Nous souhaitions voir la fameuse Camel Fair, regroupant près de 50 000 dromadaires et l’événement en valait la peine. En arrivant, le premier week end, nous évitions ainsi la foule des derniers jours. Le site en lui-même est impressionnant, consistant en un vaste espace de terre et de sable entouré de petites collines. Toutes les bêtes sont là afin d’être négociées, achetées ou vendues. Certaines sont décorées, d’autres font des courses ; la vie de ce camp est une véritable ville intérieur avec ces échoppes, magasins, rassemblements, et l’agitation habituelle. Le lundi matin, à 5h, nous avons fait une ballade à dos de dromadaire. Lorsque le chamelier monta avec moi, la bête partie au trot et il fallut un temps d’adaptation avant de suivre le rythme particulier de sa démarche. En se levant ou en s’asseyant, le dromadaire donne vraiment l’impression de se déplier, nous basculant à l’avant et à l’arrière !


Sur le chemin du retour, nous nous sommes arrêtés à Ajmer pour voir la tombe d’un saint Soufi du XIIème siècle, le deuxième lieu de pèlerinages des musulmans d’Inde après Nizzamudin à Delhi. Ce séjour fut mon premier contact avec le Rajasthan, Etat touristique par excellence et je fus marqué par la vivacité et la multitude des teintes et couleurs. Cet Etat permet aux touristes qui l’arpentent de retrouver les clichés orientalistes dont ils ont pu s’abreuver en occident.. Néanmoins, le Rajasthan est ce qu’il est : un Etat riche, superbe, centre culturel de l’Inde, et qui appellera pour moi d’autres visites.

vendredi 9 novembre 2007

Diwali


Je suis bien content d'être resté en vie à l'issue de mon premier Diwali en Inde, grande fête que nous avions senti se préparer au fil de la semaine! Dès jeudi, les rues furent décorées, les boutiques mettaient en avant des stands consacrés aux sucreries, patisseries et autres petites bricoles à offrir, puis vendredi arriva, et avec la nuit tombée, le quartier prit une autre teinte avec toutes les bougies et lumières que les habitants installèrent sur les terasses ou facades des immeubles.

A Lajpat Nagar, j'ai l'habitude des gamins qui, dès la sortie de l'école, courent dans le parc voisin pour lancer des pétards.

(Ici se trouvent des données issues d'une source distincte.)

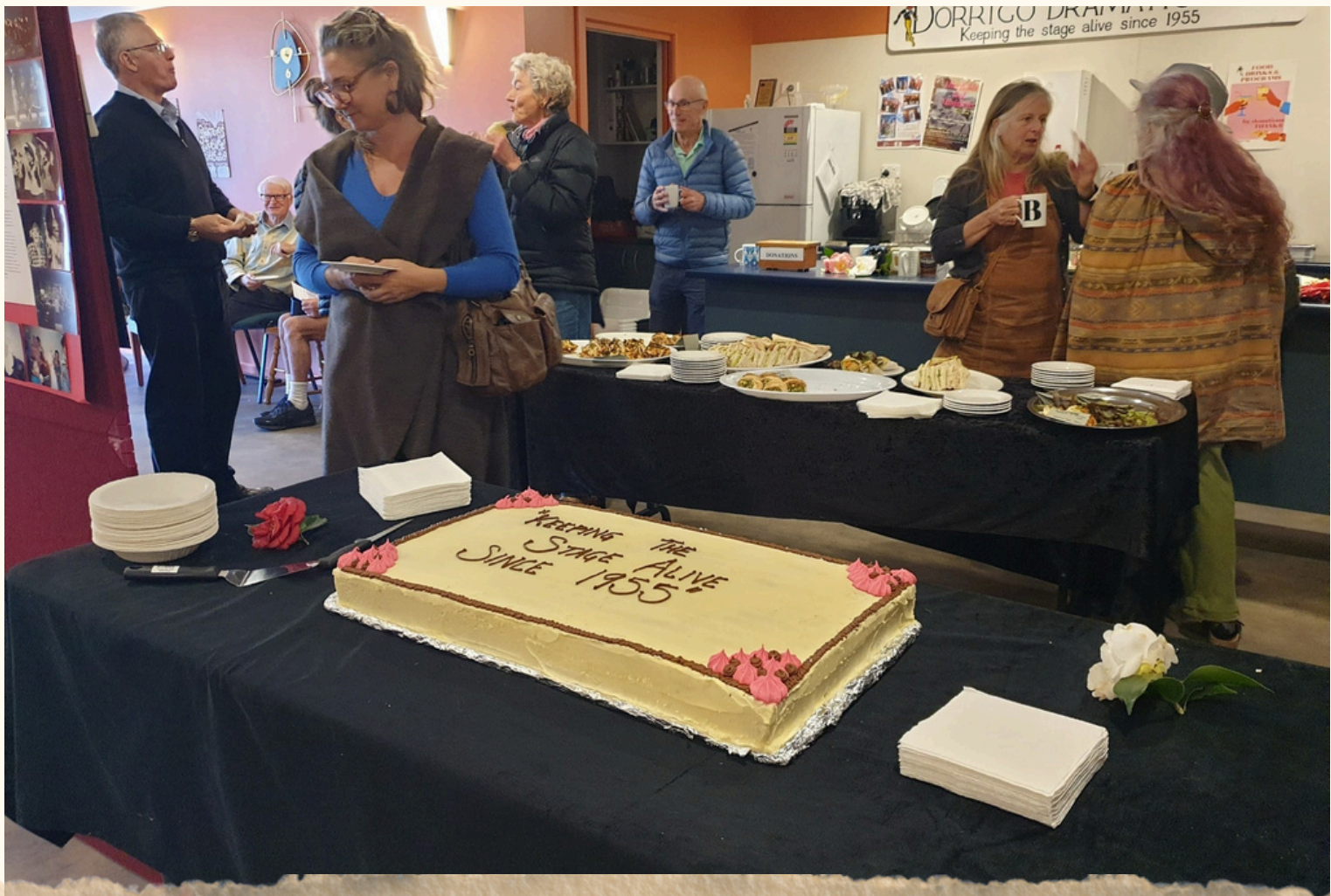
The 70th Birthday Cake made & iced by Dorrigo Bakery
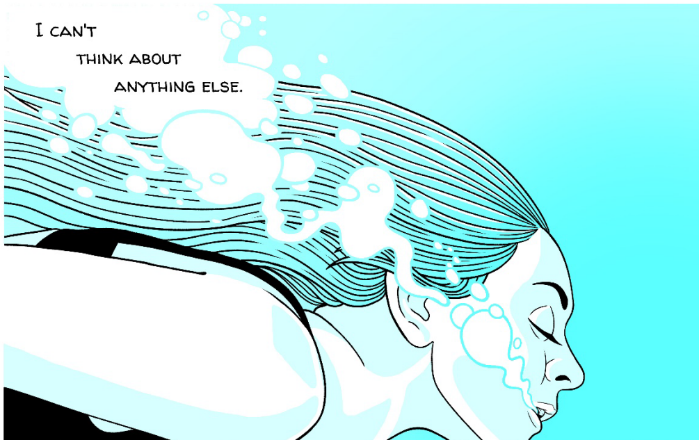
Isabella Rotman, Like the Tide, Page 3 , 2020, 16 1/16 x 22 1/16 inches, digital print
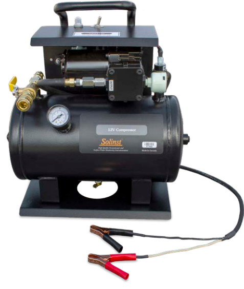
12 Volt Compressor

These convenient Controllers are rugged, dependable, and suitable for all environments. Quick-connect fittings allow instant attachment to dedicated well caps, portable reel units, and an air compressor or compressed gas source.
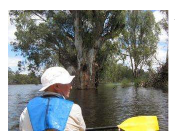
Written by Dick

gave a rare snapshot of this region where the waters rather than idling to the sea, showed they had the controlling influence for the moment. It was a fascinating time to come here.
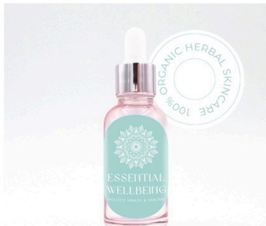
'SKIN RENEW SERUM'
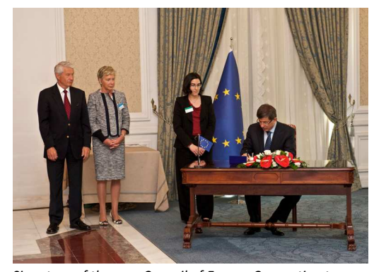
Signature of the new Council of Europe Convention to prevent and combat violence against women by Mr Ahmet Davutoğlu Minister for Foreign Affairs, Turkey

gathering Ministers of Foreign Affairs from 47 member states.
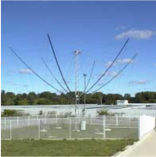
This is the Multi band antenna at FEMA Headquarters in Columbus. I think they said the bandwidth was "DC to daylight," or something like that.
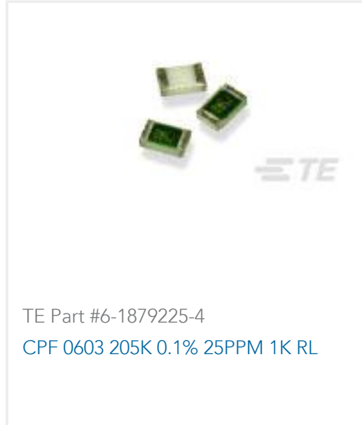
TE Part #6-1879225-4 CPF 0603 205K 0.1% 25PPM 1K RL

Malgré une accoutumance relative à ce bruit désormais familier, certains me font toujours sursauter. Diwali est bien une autre histoire! A 18 heures, l'agitation me parut particulière: dans toute la ville résonnait le roulement permanent d'explosions ininterrompues. Une fumée épaisse se répandait déjà. Des feux d'articifies éclataient à intervalles réguliers, lancés depuis le sol ou les toits, sans s'arrêter, par des enfants déchaînés et par de nombreuses familles. Au fil de la soirée, le spectacle prit une autre ampleur: les explosions s'intensifièrent et leur rythme s'accéléra. Si le bruit demeurait incessant, des explosions sourdes aux sifflements aigus, la fumée, elle, s'accroissait. Les rues devinrent désertes envahies seulement par une fumée lourde et transpercée par les multiples éclats des explosions.
Si un arrêté gouvernemental stipule l'arrêt des festivités à 22 heures, il en fallait bien davantage pour interrompre les réjouissances. Jusqu'à 2 heures du matin, des explosions se poursuivirent. Il paraît que les chiens, ces maigres carcasses errantes dont nous avons appris à nous méfier et dont les gémissements sont perpectibles toutes les nuits, sont traumatisés par Diwali et que cette seule soirée suffit à les déranger pour le reste de l'année! Je ne doute pas que nous les reverrons dès les jours suivants. Du reste, la vie en Inde offre au moins une certitude, celle, même après quatre mois sur place, de pouvoir toujours être surpris.